Ces mouvements de direction combinés à la volonté pédagogique de témoigner de l’évolution de l’art conduisent naturellement à un certain éclectisme dans la plupart des collections d’entreprise. Il n’en reste pas moins qu’elles demeurent un formidable moyen d’accéder, le plus souvent gratuitement, à la création contemporaine et à une meilleure connaissance des artistes vivants.

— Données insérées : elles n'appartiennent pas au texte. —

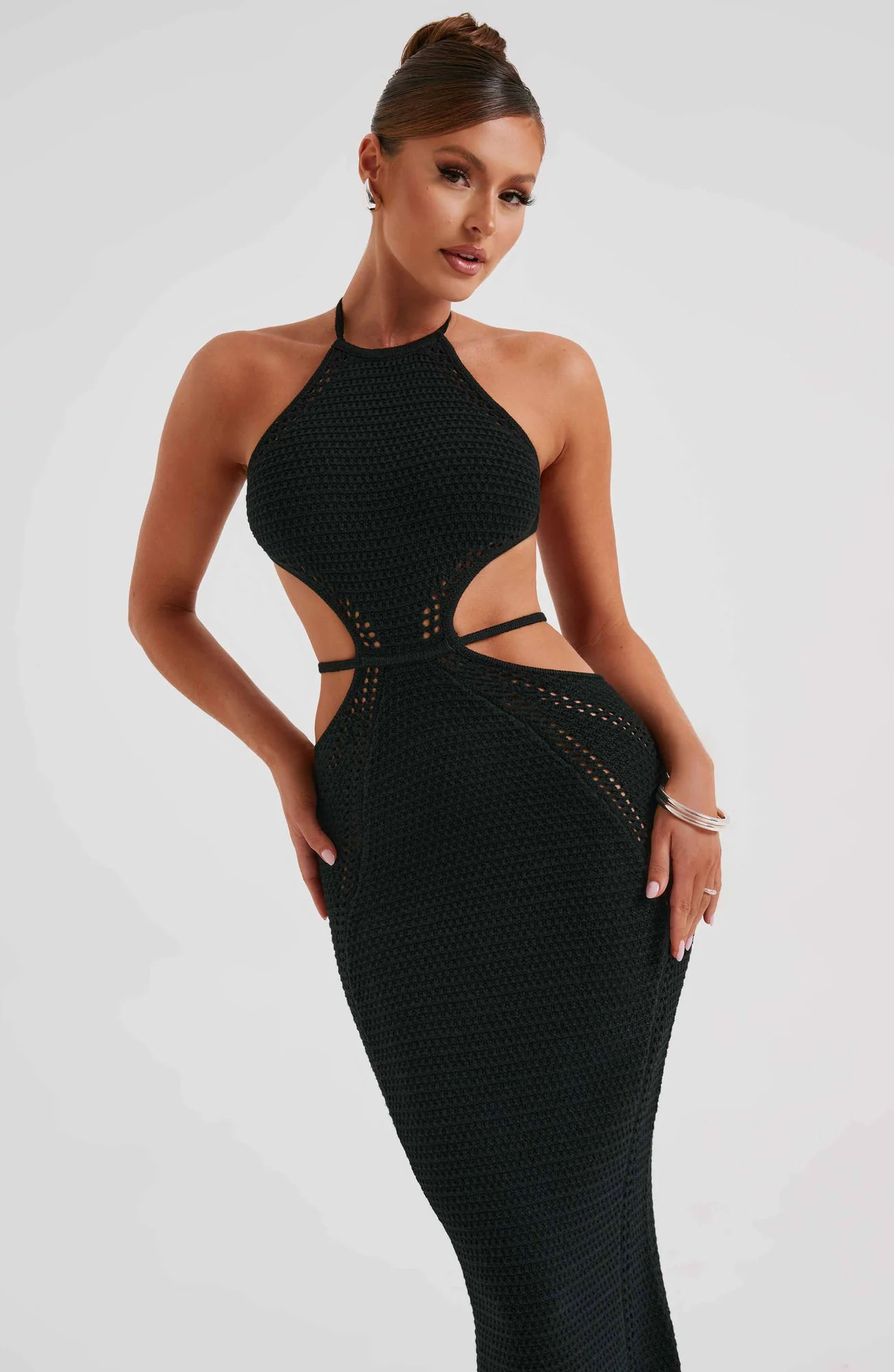 Indulge in effortless cool with our premium black crochet knit maxi dress. The body-hugging fit with halterneck and cut-out waist exudes style. Featuring a backless design with waist tie accentuating your figure. Moulds to your body, ensuring a sleek silhouette. Ideal for various occasions. Made from premium crochet knit fabric. Maxi length. Available in sizes XS, S, M, L, XL, XXL.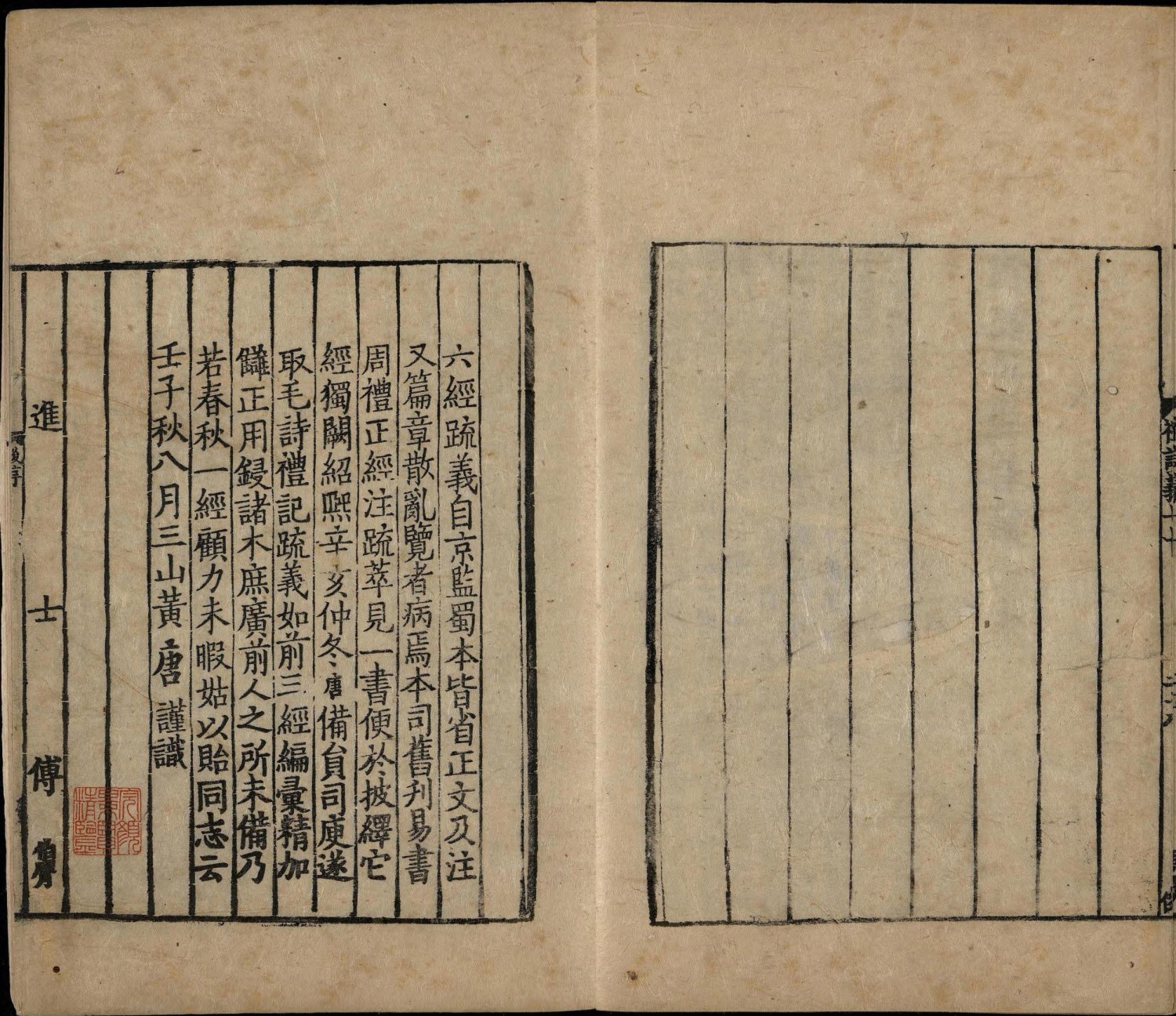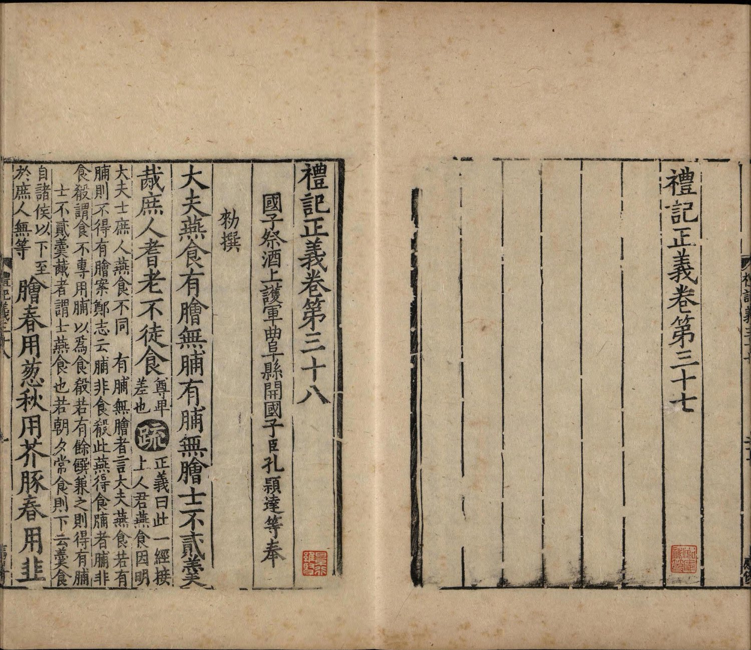 此书是孔颖达等人受唐太宗之命编撰的《五经正义》中的一部。其整合了东汉郑玄注及南朝皇侃、北朝熊安生旧疏,是唐初《礼记》阐释集大成的著作,也是唐代《礼记》解释的官方标准,在成书后即成为科举考试的依据。存世最早的经疏合刻本便是此南宋绍熙三年两浙东路茶盐司黄唐刊本(此书半页八行,被称作 “八行本”;因刻于绍兴,世称越州本或称越州八行本)。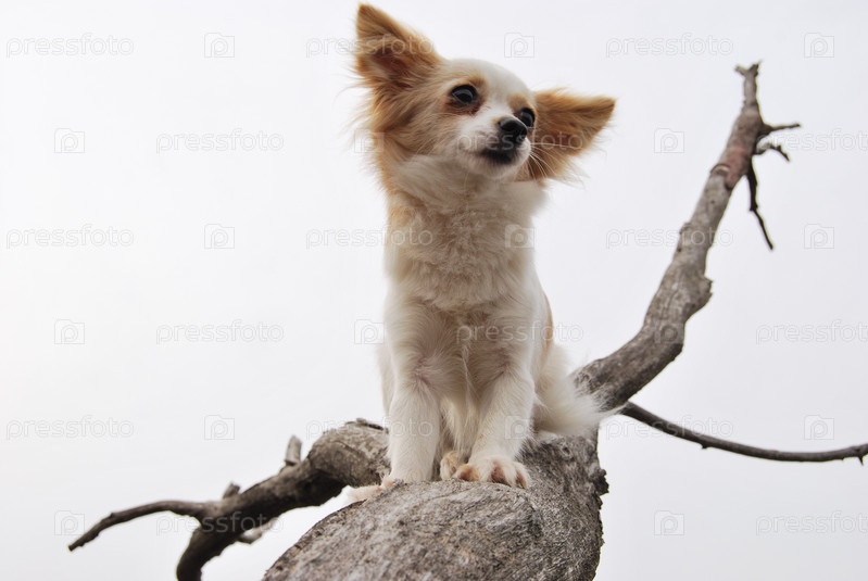 Собачка породы чихуахуа на высохшем дереве

Des musées bâtis sur mesure
La plupart des entreprises prêtent leurs œuvres aux musées, mais certaines vont jusqu’à ouvrir leur propre lieu d’exposition, qui n’ont souvent rien à envier aux établissements nationaux. C’est notamment le cas de la Fondation Louis Vuitton, dessinée par Frank Gehry, qui a ouvert ses portes le 27 octobre dernier. Nichée au cœur du site du Jardin d’acclimatation, elle accueille, entre autres, des œuvres de la collection personnelle de Bernard Arnault, le PDG de LVMH. La collection Würth, quant à elle, possède depuis 2008 un musée, installé à Erstein, qui a déjà accueilli 160 000 visiteurs. La Fondation Carmignac développe un projet sur l’île de Porquerolles qui devrait se finaliser au printemps 2016. Ces projets souvent pharaoniques prennent généralement du retard. Ainsi, l’ouverture du futur musée d’art contemporain impulsé par Eli Broad, richissime entrepreneur et collectionneur américain, ne devrait pas intervenir avant 2015. La structure d’acier qui abrite le bâtiment rencontre des problèmes de construction. Eli Broad a donc intenté, en mai, une action en justice contre la société d’ingénierie en raison des quinze mois de retard accumulé. Affaire à suivre.